Effects of Solar Energy on the Mechanical Properties of Tailings in Tailings Dams

Abstract

Mine tailings are the most common materials that are used in construction of tailings dams. Due to high level of environmental hazard and serious consequences that are associated with tailings dam failure, proper design of tailings dams is an important factor in mining industry. Water level fluctuation, change in permeability of dam foundation, seismic loads, and excessive settlements are the most common reasons of failure, particularly in upstream type tailings dams. Due to low shear strength of wet tailings, drying of tailing material is very common in practice during the dam construction. In hot climate, the received solar energy at the soil surface converts to soil heat flux, air heat flux, and evaporation energy. The evaporation energy generates matric suction in the tailings fabric which can potentially induce apparent cohesion and consequently improve the shear strength of tailing materials.

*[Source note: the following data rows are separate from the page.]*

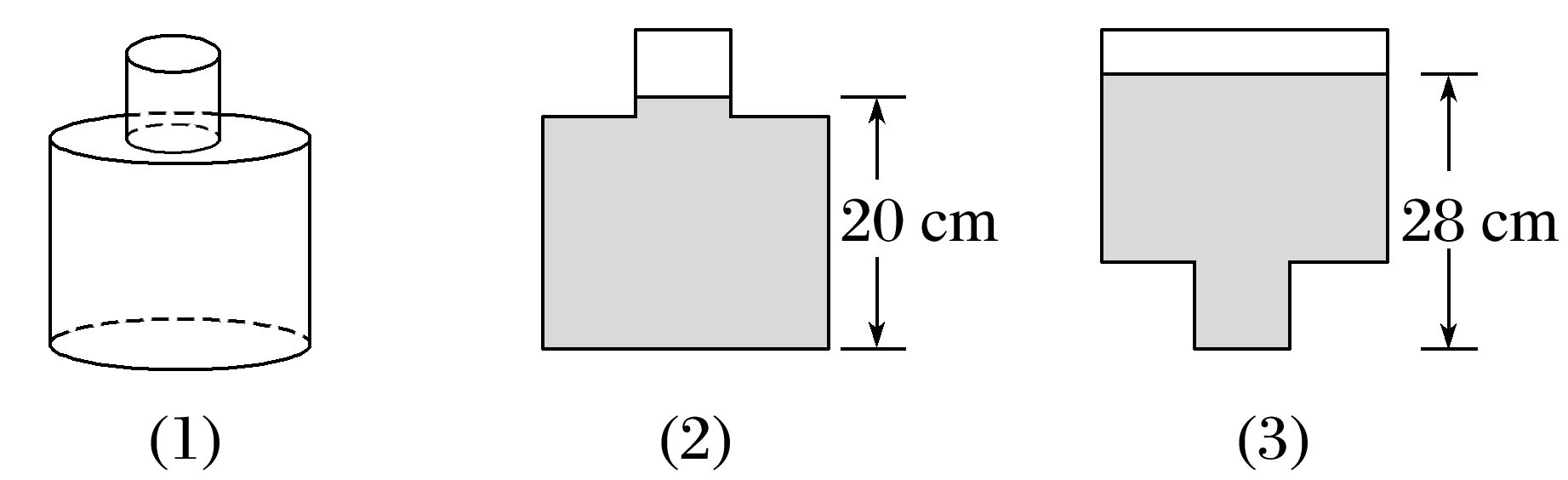 如图(1)所示,一个装了水的密封瓶子,其内部可以看成是由半径为1 cm和半径为3 cm的两个圆柱组成的简单几何体.当这个几何体如图(2)水平放置时,液面高度为20 cm;当这个几何体如图(3)水平放置时,液面高度为28 cm,则这个简单几何体的总高度为 cm.
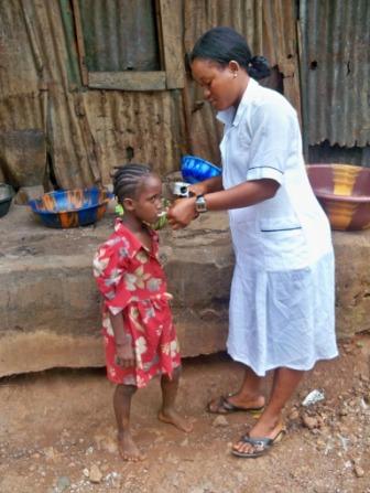 Hawanatu does light errands for people to raise money for her lunch. This helps to complement her diet. She was delighted to receive the vitamin supplements as this will improve her nutrition.
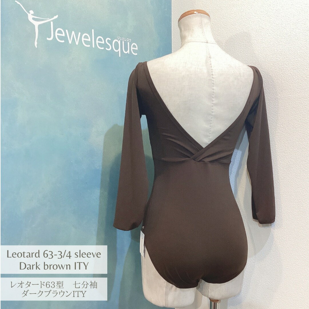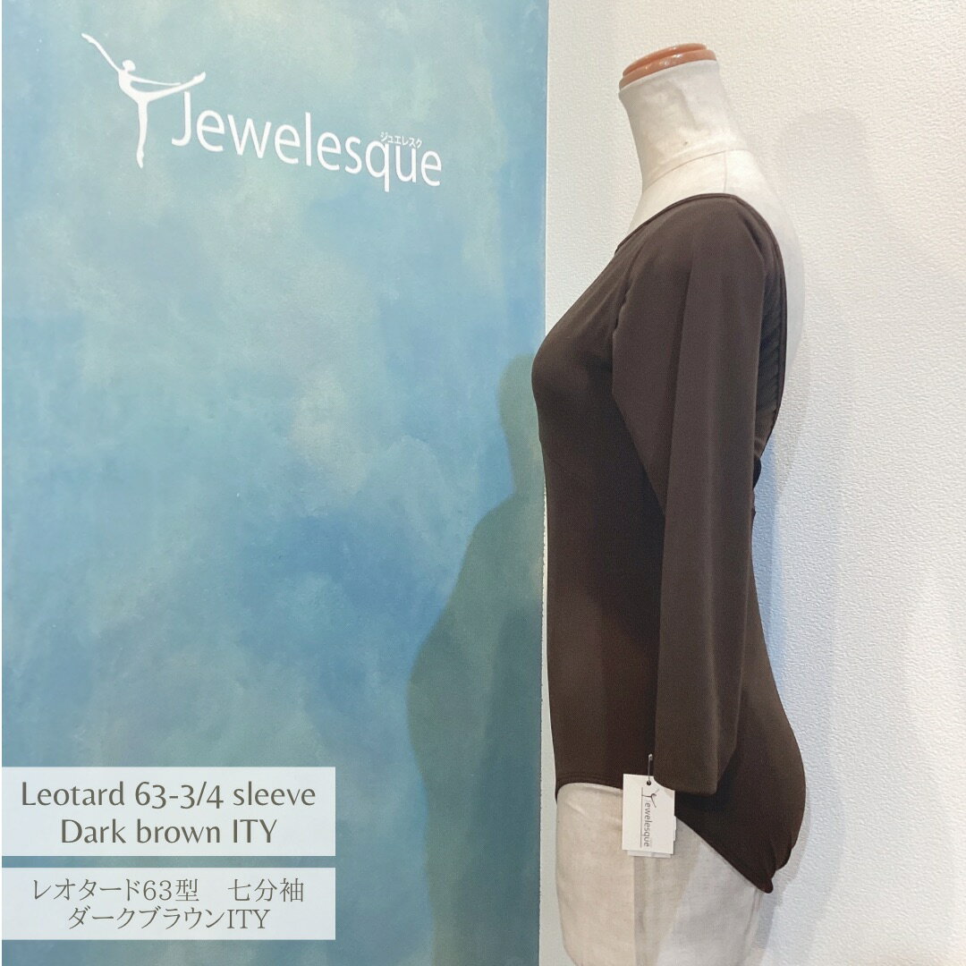 63型 七分袖レオタード ダークブラウンITY生地 バレエレオタード Jewelesqueオリジナル63-3qs-darkbrown
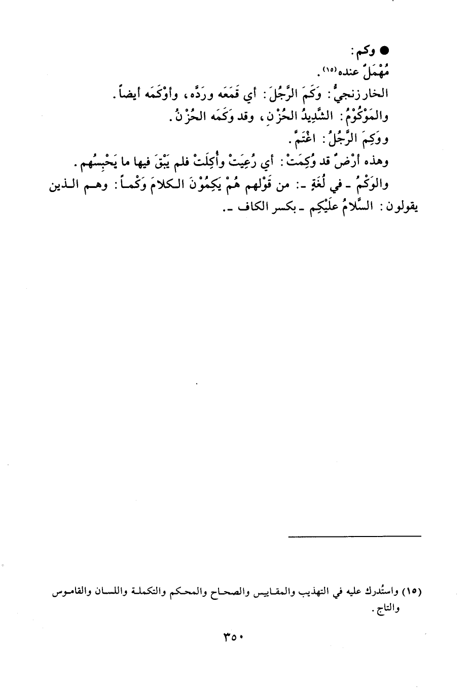 وكم مُهْمَلٌ عنده . الخارزنجيُّ : وَكَمَ الرجُلَ : أي قَمَعَه ورَدَّه ، وأوْكَمَه أيضاً . والمَوْكُوْمُ : الشَّدِيدُ الحُزْنِ ، وقد وَكَمَه الحُزْنُ . ووَكِمَ الرَجُلُ : اغْتَمَّ . وهذه أرْضٌ قد وُكِمَتْ : أي رُعِيَتْ وأُكِلَتْ فلم يَبْقَ فيها ما يَحْبِسُهم . والوَكْمُ - في لُغَةٍ - : من قَوْلهم هُمْ يَكِمُوْنَ الكلامَ وَكْماً : وهم الذين يقولون : السَّلامُ علَيْكِم - بكسر الكاف - .
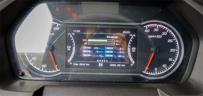 在整車儀表中控方面,儀表采用指針+液晶儀表式組合結(jié)構(gòu),除了常規(guī)的轉(zhuǎn)速、車速信息之外,車輛的氫燃料余量、氫燃料壓力、氫耗、電池組溫度電壓都可以通過這個儀表來完成讀取。
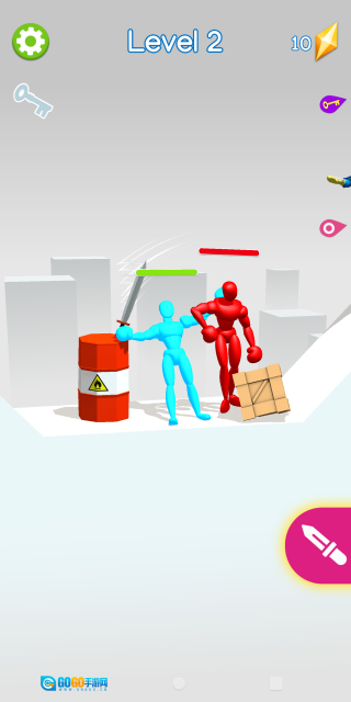 3.成功击败对手,并收集到钥匙即可闯关。
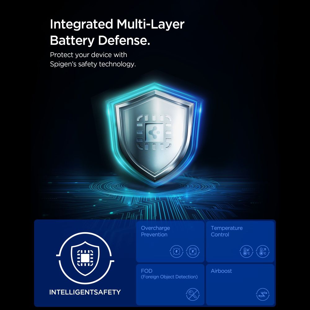 Stovas tvirtai laiko telefoną, pašalindamas pavojų, kad jis paslys ar apvirs. Įkroviklis aprūpintas pažangia išmaniąja saugos sistema: apsauga nuo perkrovos, temperatūros valdymas (perkaitymo prevencija), įtampos ir srovės reguliavimas pagal įrenginio poreikius, užtikrinant stabilų ir saugų įkrovimą.
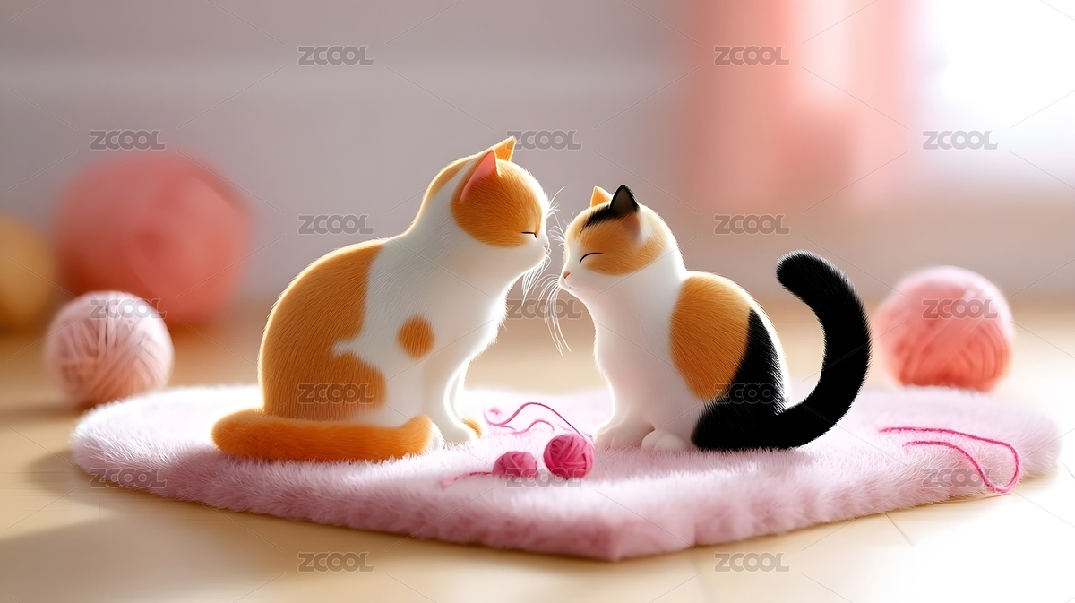 情人节,小猫,毛线,粉色,地毯,互动,室内,可爱,毛绒,地板
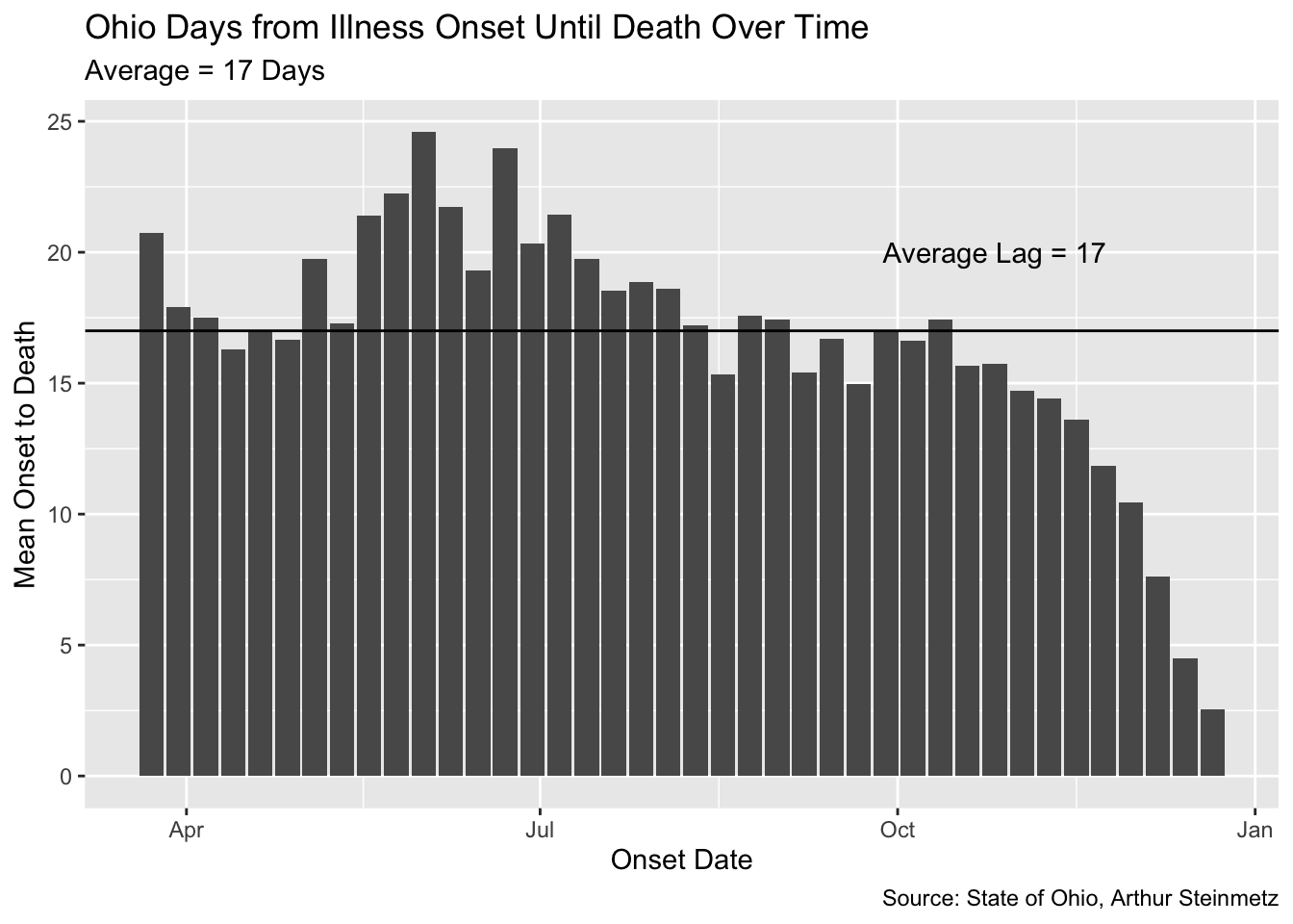 title = "Ohio Days from Illness Onset Until Death Over Time",

The soil-water characteristic curve is used to correlate the volumetric water content of the soil with matric suction. In this study, an algorithm is proposed to determine the amount of apparent cohesion, induced by sunlight effects on the stability of tailing dams. The proposed algorithm is employed in stability analysis of Barnick Mercur tailings dam, which is a 280 foot high dam in a gold mine in Utah. The obtained results indicate that taking advantage of solar energy to enhance the geomechanical properties of tailing materials can improve the stability of tailings dam.